There isn’t anything necessarily wrong with Peyto, although it may run into problems in the future if the price of natural gas stays this cheap. For now, its dividend is intact but if this is sustained it may have to cut its dividend once again.
Going forward, Peyto still has considerable long-term value when commodity prices rebound, but so do many other energy companies now.
I originally owned Peyto because the stock had considerable value. However, now so many other TSX energy stocks also have major value. So I felt that my capital was better put to use in a major integrated stock like Suncor.
Like I mentioned before, the valuation on Suncor became too attractive to pass up. Additionally, I didn’t want to increase my portfolio weighting of energy producers at this time. This resulted in me deciding to sell most of my Peyto position in order to buy Suncor.
Most of these energy producers will continue to trade at depressed valuations until commodity prices recover. So for me I’d rather be invested in a larger stock that can be better relied upon, due to its integration.
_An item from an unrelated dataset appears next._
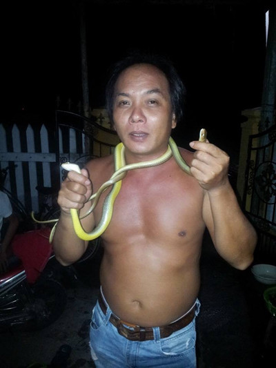 Hiện tại, mỗi tối anh Phúc vẫn thường đi dọc các bờ ruộng để bắt rắn. “Rắn không độc có thể bắt bằng tay không, còn rắn có độc phải dùng móc và đèn pin để rà bắt. Rắn lục đuôi đỏ có hình đầu dẹp, tam giác, xưa giờ nếu có thì thường rất nhỏ, nhưng loài rắn này hiện nay rất to, chỉ đẻ con trong bọc. Nhưng nó lại di chuyển chậm hơn rắn lục bình thường, do đó cũng khá dễ bắt”.

Furthermore, when sentiment gets stronger for energy stocks again, investors are far more likely to buy up the big names first.
Bottom line
I’m still of the belief that you shouldn’t sell stocks in a market crash. However, sometimes a better opportunity will present itself for your capital.
It would be quite short-sighted not to take these major opportunities. Especially if it was only because you want to follow the rule of not selling stocks during a bear market.
The important thing is that you are using these market crashes to invest in as many high-quality stocks as you can. This way you can position your portfolio as optimally as possible for the next lengthy bull run.
And right now, TSX energy stocks are some of the cheapest stocks on the market.